COURT Woman sentenced after theft of money
The former director must repay $144,844.60 to the center.
By LAURE CIOFFI
VINDICATOR PENNSYLVANIA STAFF
NEW CASTLE, Pa. --The former director of the McGill Community Center will spend at least nine months in jail and the next 19 years paying the center back more than $100,000.
Bernadette Datillo Schaffner, 48, of Hillcrest had pleaded guilty to theft by deception, theft by failure to make required disposition of funds and forgery. President Judge Dominick Motto sentenced her Wednesday in Lawrence County Common Pleas Court.
New Castle Police arrested Schaffner in June 2004 after determining that she had stolen the nonprofit center's money and used it for herself. She used it to pay her car insurance, children's college tuition and personal bills, among other things, officials said.
She will report to the Lawrence County Jail on Monday to start serving her sentence of nine to 18 months.
Lawrence County District Attorney Matthew Mangino said Schaffner will be required to repay the center $144,844.60 as part of her sentence. He said she will have to pay that money while on probation for the next 19 years.
Representatives of the McGill Center were on hand for Schaffner's sentencing, he said.
How they were tipped off
New Castle police started investigating Schaffner in April 2004 after they were alerted by a private investigator hired by the Arthur McGill Presbyterian Community Center concerning checks issued to Schaffner.

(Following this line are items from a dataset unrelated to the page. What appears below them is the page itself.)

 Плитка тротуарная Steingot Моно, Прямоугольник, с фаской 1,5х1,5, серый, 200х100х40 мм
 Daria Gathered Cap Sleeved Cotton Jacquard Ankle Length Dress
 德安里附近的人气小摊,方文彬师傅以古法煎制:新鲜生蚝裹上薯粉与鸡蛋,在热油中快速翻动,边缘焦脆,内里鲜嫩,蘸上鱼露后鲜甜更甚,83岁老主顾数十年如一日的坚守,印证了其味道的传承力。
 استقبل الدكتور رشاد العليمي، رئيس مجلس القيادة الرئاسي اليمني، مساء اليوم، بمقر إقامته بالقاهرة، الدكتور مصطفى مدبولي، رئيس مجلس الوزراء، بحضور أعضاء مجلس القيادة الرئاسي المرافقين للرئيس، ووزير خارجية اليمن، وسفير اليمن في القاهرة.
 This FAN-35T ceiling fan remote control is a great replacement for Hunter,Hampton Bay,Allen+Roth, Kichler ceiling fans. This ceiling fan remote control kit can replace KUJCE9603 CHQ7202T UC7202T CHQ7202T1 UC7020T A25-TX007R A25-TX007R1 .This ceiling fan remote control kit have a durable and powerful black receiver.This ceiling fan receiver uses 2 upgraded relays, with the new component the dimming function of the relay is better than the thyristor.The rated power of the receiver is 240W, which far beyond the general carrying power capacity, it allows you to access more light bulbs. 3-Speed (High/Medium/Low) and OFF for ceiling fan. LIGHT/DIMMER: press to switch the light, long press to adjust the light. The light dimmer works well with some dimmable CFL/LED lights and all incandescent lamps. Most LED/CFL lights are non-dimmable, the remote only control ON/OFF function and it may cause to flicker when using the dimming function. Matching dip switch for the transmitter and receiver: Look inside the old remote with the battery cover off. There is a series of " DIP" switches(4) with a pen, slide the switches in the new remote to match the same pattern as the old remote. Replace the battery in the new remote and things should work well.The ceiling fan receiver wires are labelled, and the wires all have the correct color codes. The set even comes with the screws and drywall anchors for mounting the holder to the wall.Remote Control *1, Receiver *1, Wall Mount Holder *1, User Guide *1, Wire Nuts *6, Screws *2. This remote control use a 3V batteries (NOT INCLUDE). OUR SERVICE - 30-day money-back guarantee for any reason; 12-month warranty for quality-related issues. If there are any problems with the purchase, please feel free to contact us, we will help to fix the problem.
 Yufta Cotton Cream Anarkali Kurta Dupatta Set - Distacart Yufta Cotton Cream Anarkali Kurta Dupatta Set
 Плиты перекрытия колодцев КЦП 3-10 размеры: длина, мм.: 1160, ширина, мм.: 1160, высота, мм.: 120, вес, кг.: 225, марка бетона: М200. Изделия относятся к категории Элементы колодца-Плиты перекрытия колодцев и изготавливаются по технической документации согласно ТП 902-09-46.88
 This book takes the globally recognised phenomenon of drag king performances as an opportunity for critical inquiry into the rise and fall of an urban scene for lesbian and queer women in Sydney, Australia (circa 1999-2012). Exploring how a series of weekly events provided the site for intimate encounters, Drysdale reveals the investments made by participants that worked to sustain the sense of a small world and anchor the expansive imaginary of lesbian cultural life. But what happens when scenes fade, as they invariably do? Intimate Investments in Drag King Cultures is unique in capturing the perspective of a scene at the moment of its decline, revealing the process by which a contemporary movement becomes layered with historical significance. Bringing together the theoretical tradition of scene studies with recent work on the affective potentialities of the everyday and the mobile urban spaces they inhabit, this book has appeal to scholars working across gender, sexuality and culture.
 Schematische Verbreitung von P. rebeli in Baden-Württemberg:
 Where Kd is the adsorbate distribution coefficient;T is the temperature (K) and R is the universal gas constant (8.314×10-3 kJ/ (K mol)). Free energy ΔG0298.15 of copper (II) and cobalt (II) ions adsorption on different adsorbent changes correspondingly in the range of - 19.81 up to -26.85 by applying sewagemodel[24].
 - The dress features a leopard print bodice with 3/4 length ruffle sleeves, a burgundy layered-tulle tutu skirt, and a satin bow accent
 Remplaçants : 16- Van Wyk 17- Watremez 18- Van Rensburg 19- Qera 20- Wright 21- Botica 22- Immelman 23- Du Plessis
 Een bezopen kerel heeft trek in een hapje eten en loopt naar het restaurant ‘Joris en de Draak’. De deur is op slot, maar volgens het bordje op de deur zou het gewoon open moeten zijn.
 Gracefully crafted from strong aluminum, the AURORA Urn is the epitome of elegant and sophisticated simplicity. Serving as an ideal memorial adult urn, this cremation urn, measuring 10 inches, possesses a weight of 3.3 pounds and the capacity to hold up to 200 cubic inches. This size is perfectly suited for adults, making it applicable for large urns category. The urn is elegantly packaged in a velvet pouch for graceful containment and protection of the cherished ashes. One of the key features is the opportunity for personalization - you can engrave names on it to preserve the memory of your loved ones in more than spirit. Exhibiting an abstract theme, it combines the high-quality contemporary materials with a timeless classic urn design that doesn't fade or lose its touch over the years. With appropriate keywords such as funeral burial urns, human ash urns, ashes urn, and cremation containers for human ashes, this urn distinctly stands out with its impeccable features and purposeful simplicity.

Police contend that Schaffner used the money to pay personal bills to Wal-Mart, Sears and Ralph's Supermarket, as well as other bills. Police said Schaffner also paid back personal loans with the center's money, and didn't make some deposits given to the center.
Authorities said they believe that Schaffner started taking the money in 1999, shortly after the center's bookkeeper left for another job.
Members of the organization's board of directors discovered problems with bookkeeping when a board member offered to help Schaffner with the books. Schaffner had complained about the bookkeeping aspect of her job, they said.
Police said the board member could not find books, but did find a large amount of paperwork and started looking into the center's checking account.
Assistant District Attorney Birgitta Tolvanen handled the prosecution.